El Gran Calavera (Luis Buñuel / Mexico, 1949):

"Quietismo" is but another name for the bourgeois philosophy of laziness, Luis Buñuel gives the loafers a good walk around the block. The close study on American comedy has Fernando Soler like Walter Connolly in a La Cava merry-go-round (5th Ave. Girl might be a model of inspiration), the opening scene finds him rumpled and soused and looking to scratch an itch in a tangled mass of legs and feet. The carousing is comical but pathetic, his wife's death has left the millionaire powerless against a morning routine in which the whole household, from offspring to valet, takes turns dipping into his wallet.

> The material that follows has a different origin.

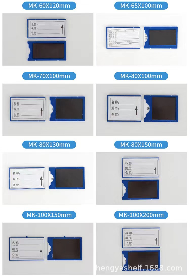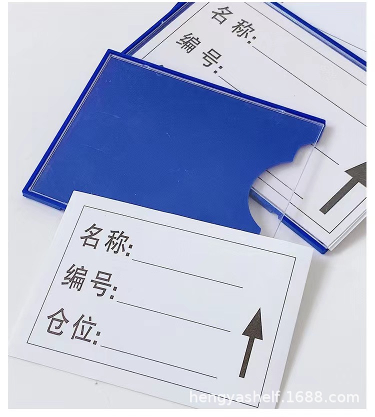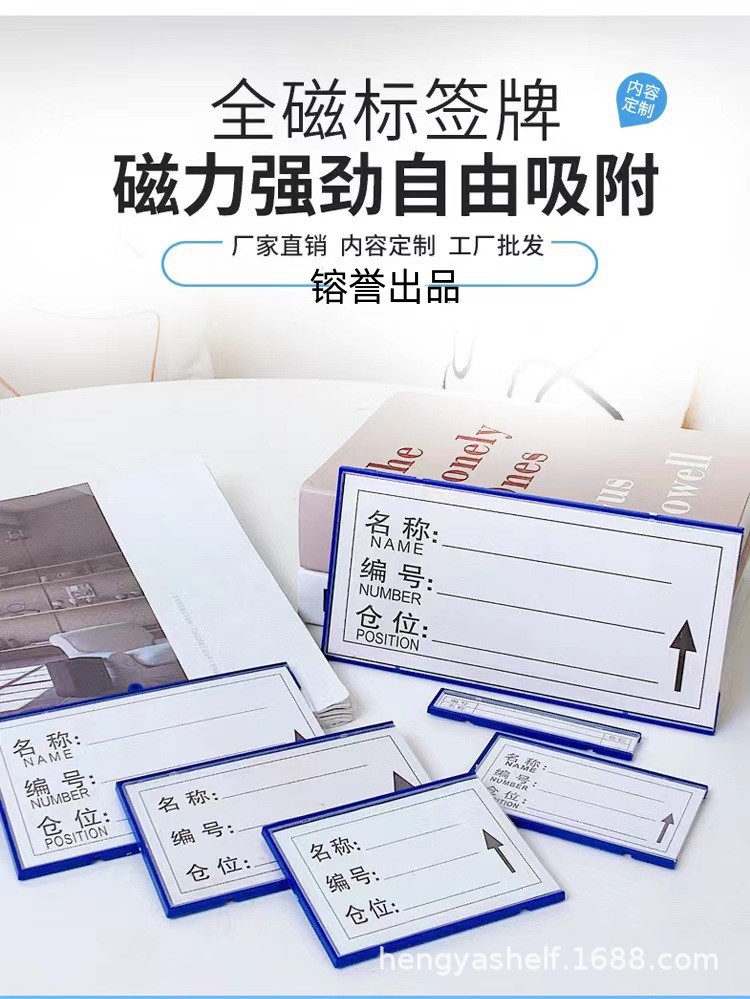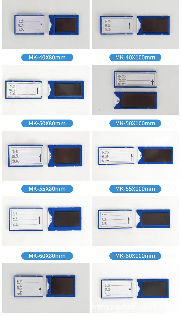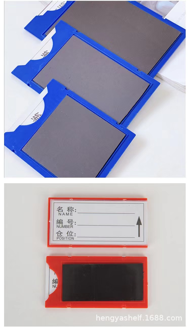 1、 普通型磁性标签正面插入资料卡片,可标识物品的名称、型号、规格和物料代码和数量等;

The road to ruination is halted by the fraternal psychiatrist (Francisco Jambrina), whose therapy moves the brood to the slums to pretend all his money is gone. Clued in to the charade, the patriarch enjoys a bit of table-turning: "While we're experimenting, I'll teach my family a lesson." Reversals of fortune and hairy-lipped matrons in Buñuel's little jaunt of a hundred delights, many of them not nearly as conventional as they seem. (The climax blithely equates wedding vows with loudspeaker advertising.) The idle brother (Andrés Soler) learns the joys of carpentry, the hypochondriac (Maruja Griffel) no longer needs pills, the mooching son (Gustavo Rojo) finds his way back to school through a shoeshine box, and the ingénue-daughter (Rosario Granados) learns humbleness from their proudly proletarian neighbor (Rubén Rojo)—poverty-ennobling sketches to be incinerated the following year in Los Olvidados. "I've been working more than a mule and eating less than a canary!" "Then complain to the Society for the Protection of Animals." It Happened One Night's runaway bride in Mexico City, Mel Brooks receives it all with open arms (Life Stinks). In black and white.